As used herein, the term “RTU” means ready-to-use.

As used herein, “component of a composition” refers to a compound, or a subset of compounds, included in a composition, e.g., the complete composition minus at least one compound.

As used herein, the term “about” or “approximately” means within an acceptable error range for the particular value as determined by one of ordinary skill in the art, which will depend in part on how the value is measured or determined, i.e., the limitations of the measurement system, and the degree of precision required for a particular purpose, such as an insect repellent formulation. For example, “about” can mean within 1 or more than 1 standard deviations, per the practice in the art. Alternatively, “about” can mean a range of up to 20%, preferably up to 10%, more preferably up to 5%, and more preferably still up to 1% of a given value.

As used herein, the term “substantially,” means at least 70%, preferably at least 80%, more preferably at least 90%, and even more preferably at least 99%, such as, for example, at least 99.9%. In some embodiments, the term “substantially”can mean completely, or 100%.

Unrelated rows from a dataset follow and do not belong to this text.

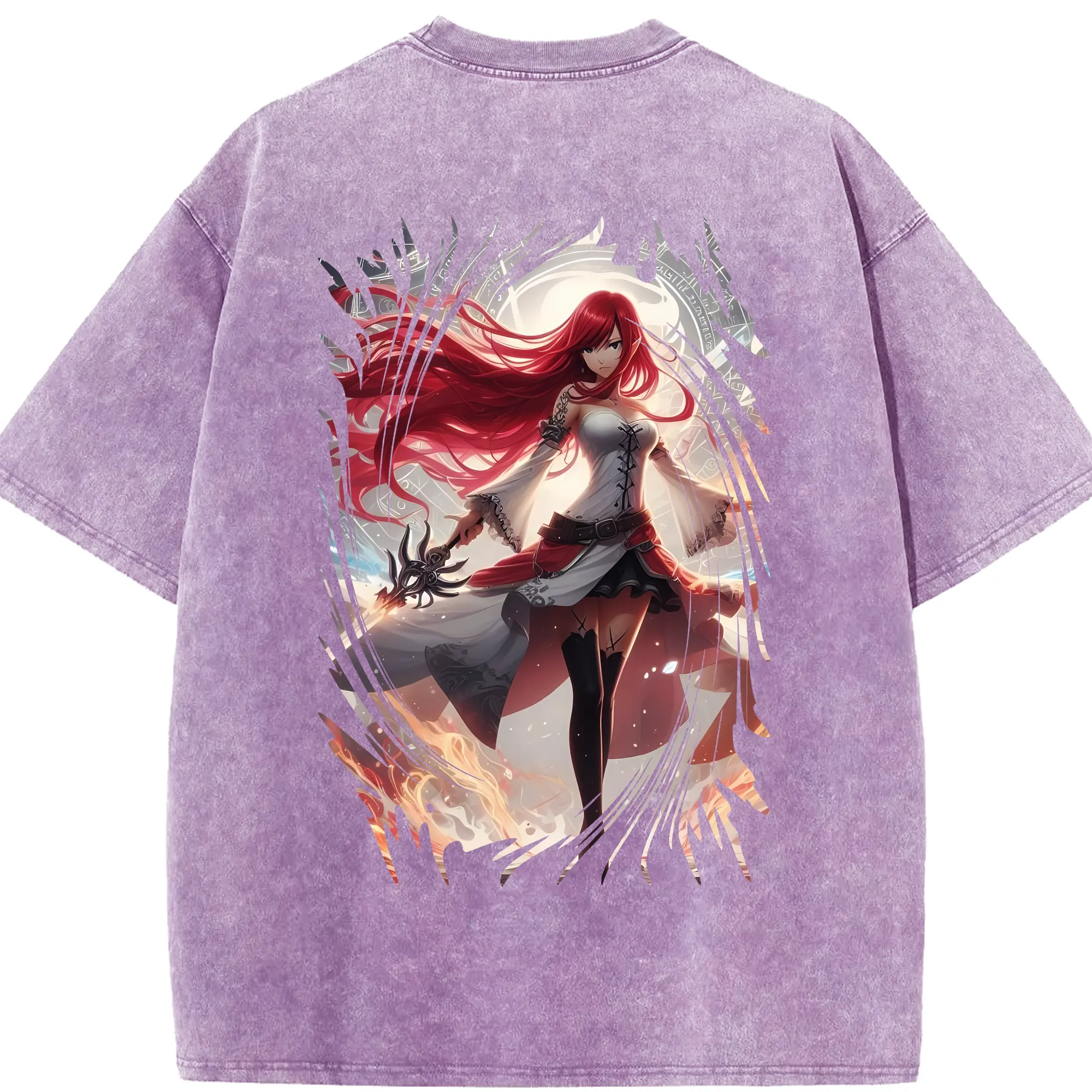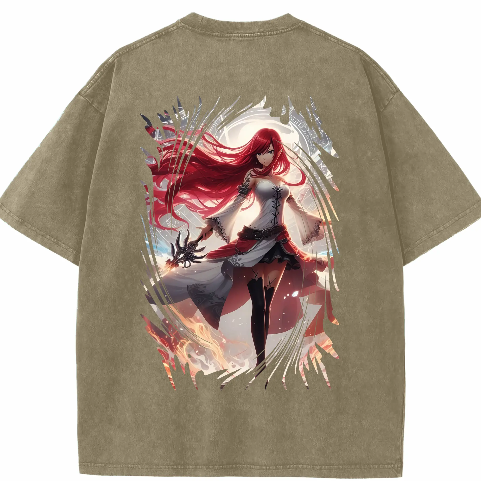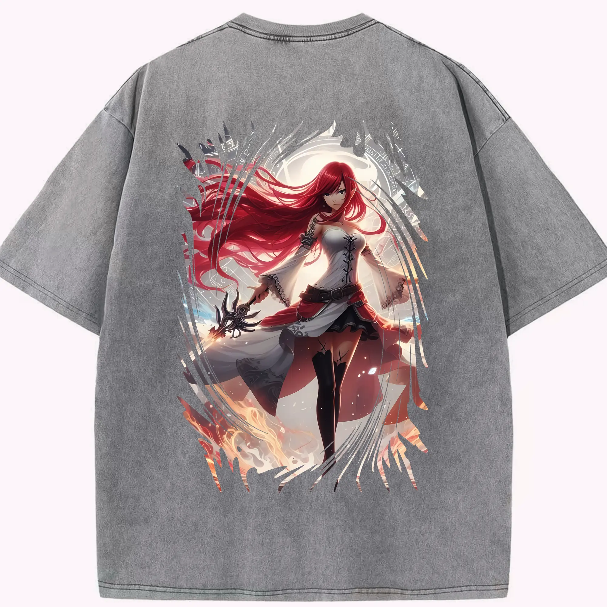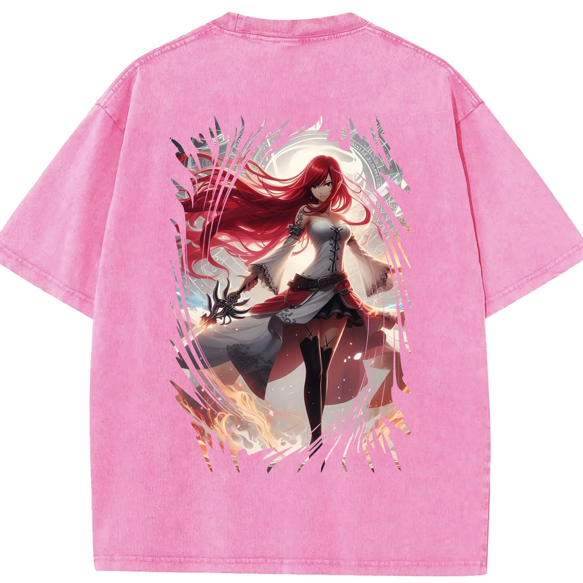 フェアリーテイル グッズ エルザ・スカーレット - 綿100% ヴィンテージ風 半袖Tシャツ ・ フロントプリント ・ 柔らか肌触り ・ 通気性 快適 ・ スポーツ カジュアル 外出用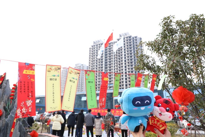 活动在锦程花园项目景观区进行,现场大红灯笼高高挂、谜语联、福字贴、“牛气冲天”福娃、蓝宝等,氛围浓厚,职工们三五成群欢声笑语游玩,一边参与活动,一边拿走了旺旺大礼包、香酥饼干、礼盒坚果等奖品,各个喜笑颜开。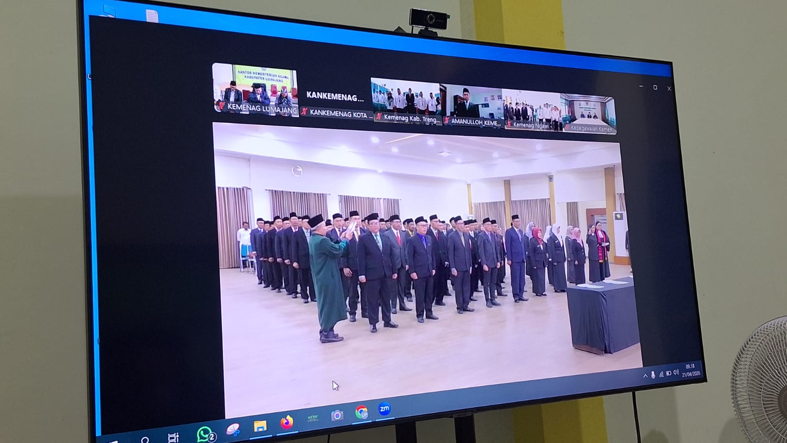 Lumajang (Humas) – Kepala Kantor Kementerian Agama (Kemenag) Kabupaten Lumajang bersama Kasubag TU dan Kasi Pendma mengikuti prosesi pelantikan dan pengambilan sumpah jabatan tiga kepala madrasah di lingkungan Kemenag Lumajang secara daring melalui *meeting room* Kantor Kemenag Lumajang, Selasa (21/4/2026).

As used herein, a “plant essential oil” refers to all plant extractives and their physically modified derivatives such as tinctures, concretes, absolutes, essential oils, oleoresins, terpenes, terpene-free fractions, distillates, steam distillates, residues, enfleurage pomades, etc., that contain one or more volatile components, and may be derived from flowers, buds, leaves, bark, sapwood, heartwood, roots, roots, resin, peels, or other plant component, or combinations of more than one of these components.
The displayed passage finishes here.